◆ WORK REQUIRED ◆
What must be returned is the number of lines in the records holding the word "Sologne", with no other text.

━━━━━ LISTED ENTRIES

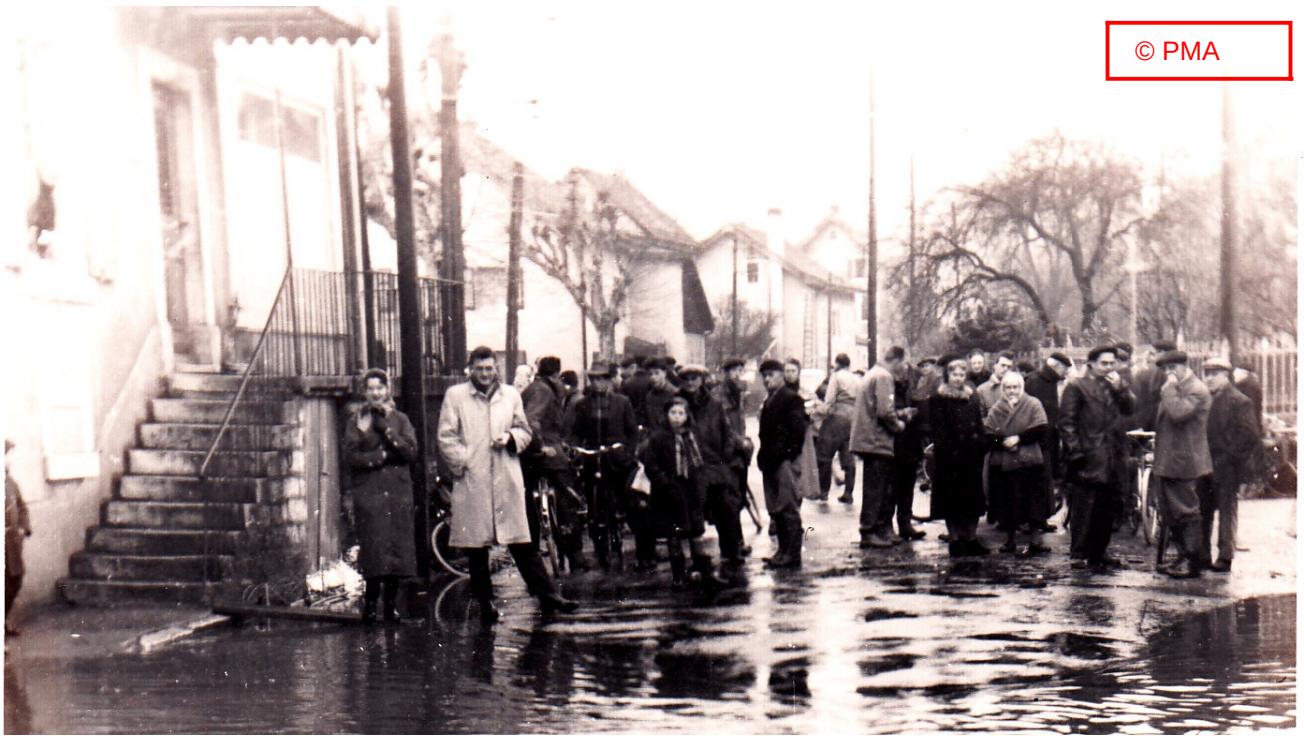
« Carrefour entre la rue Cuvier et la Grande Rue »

━━━━━━━━━━
━━━━━ LISTED ENTRIES

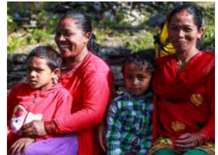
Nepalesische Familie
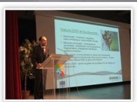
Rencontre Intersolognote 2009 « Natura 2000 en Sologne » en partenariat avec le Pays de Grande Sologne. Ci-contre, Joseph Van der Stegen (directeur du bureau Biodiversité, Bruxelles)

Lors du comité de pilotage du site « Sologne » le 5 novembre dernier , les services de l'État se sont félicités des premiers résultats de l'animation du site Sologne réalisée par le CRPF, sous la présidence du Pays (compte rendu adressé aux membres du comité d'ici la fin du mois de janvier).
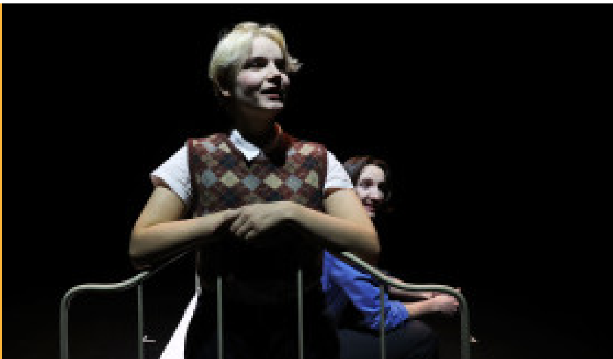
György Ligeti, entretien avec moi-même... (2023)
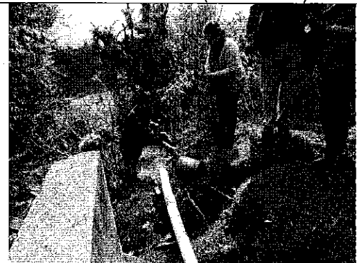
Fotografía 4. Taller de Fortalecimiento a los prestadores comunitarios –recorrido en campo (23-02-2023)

━━━━━━━━━━

◆ RESPONSE TO THE TASK ◆
2